Two very different kinds of biological engineers work in the same area in this story. One is working on microbes that will help give Mars an atmosphere. His work is long, largely invisible. But he believes. He believes that he is doing something right. Good. The other is designing mythic animals for the few wealthy enough to afford them on an Earth that is devastated and resource strapped. This designer is vain, aggressive, and frustrated because the dragon he's designing doesn't want to be made. Figuratively and literally. While he is trying to force the world to fit his vision, to be a god of sorts, his friend is actually working at terraforming a planet, and yet isn't driven in the same way. It's quite a shift between the two, and well handled in the story. I really liked how the two men clashed and contrasted, and how their missions showed a lot about them. I was a little less convinced about the ending, which seemed a little abrupt, but overall I think the story pulled it off all right. I did like the image of the herd of wild unicorn in the end, that way of summing up the one guy's work. It's an effective bit of story, a glimpse at what might be in the future of designed life and two very different visions that can shape it.

"Flesh For Trade" by Nicholas Budgen (1350 words)

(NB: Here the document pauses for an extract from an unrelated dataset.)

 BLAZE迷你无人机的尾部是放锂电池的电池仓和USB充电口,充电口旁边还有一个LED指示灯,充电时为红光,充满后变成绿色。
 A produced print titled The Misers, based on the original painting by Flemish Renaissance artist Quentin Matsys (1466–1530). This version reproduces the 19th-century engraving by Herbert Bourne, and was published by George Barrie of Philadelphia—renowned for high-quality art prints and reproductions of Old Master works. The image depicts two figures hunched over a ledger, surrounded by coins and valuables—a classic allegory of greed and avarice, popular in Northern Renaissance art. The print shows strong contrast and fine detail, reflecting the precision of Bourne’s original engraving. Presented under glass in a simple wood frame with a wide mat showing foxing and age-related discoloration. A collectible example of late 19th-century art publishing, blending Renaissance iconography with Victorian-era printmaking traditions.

This story is short and seems to be about the circle of how people use technology, in this case in the sex trade. In the story, androids have replaced human workers in sex work, and a pair of new seemingly android workers are delivered to a brothel to work. They are billed as being incredibly life-like. That they'll be able to simulate everything. And, of course, they turn out to be human. The cycle of wanting something to mimic humanity comes back around so that (one would assume) the only way sex workers can make money is to pretend to be robots. It's an interesting premise but one that I think gets a but muddied by the ending, which seems to imply that these new workers, the human ones, don't really want to be sex workers. That they're doing this just to live. Which makes an interesting point but also kinda paints sex work as being demeaning and I'm not really for that. Perhaps it's trying to make the case that for these people it's all they have left, but with the protests shown in the beginning of the book I'd think they could find people more willing to do it. Of course, maybe the point is that people don't want humans, they want robots who seem human so that they can have more license to actually abuse the robots. There's enough in the story to make it provoking and the style is interesting, the lingering question that finally gets answered in the last few sentences. Indeed.

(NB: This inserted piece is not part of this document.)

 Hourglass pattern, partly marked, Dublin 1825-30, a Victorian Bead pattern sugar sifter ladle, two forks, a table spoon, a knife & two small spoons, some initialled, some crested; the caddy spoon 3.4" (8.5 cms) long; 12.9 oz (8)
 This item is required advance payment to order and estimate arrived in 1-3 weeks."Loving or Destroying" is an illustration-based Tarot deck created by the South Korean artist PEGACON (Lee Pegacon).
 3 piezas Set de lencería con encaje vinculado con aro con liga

"From Fire" by Cecca Ochoa (701 words)

The last story of the month is also (by far) the shortest. Here the narrator (using the second person you) creates a small avatar or person in a game. Kind of like the Sims or something similar but with more laterality. You start out interested, invested, giving the little person things to do, meddling and helping and all that. Then, invariably, you get bored and reward the person in a way that it doesn't understand. It reacts poorly, and then you get even more bored and stop playing for a while only to check in later and find that the little person is near death, the landscape destroyed. Basically what happens to me in between bouts of Animal Crossing. The ending then turns it a bit, imagines that this little person is creating a little person of their own, imagining that perhaps that is what reality is, that we're all just layers of programming. Which is a pretty interesting idea, though if that were the case I'm not sure where the story says we are. I prefer to think that the story brings up the point that maybe we're the ones inside only to reject that idea. I mean, our world is not entirely destroyed. If we're in a game it's one that's being played for a long time by someone fairly vested in us not completely going to hell. But I do think that maybe it's that knowledge that this isn't a simulation in the end that prompt the most introspection. An appreciation that we are not at the whim of our own playing, that perhaps we need to be more conscious of what we do to our simulations, to the lives we might create, because if life ever erupts online or in a game, we don't want to be terrible through out ignorance and laziness. A good story with lots to think about.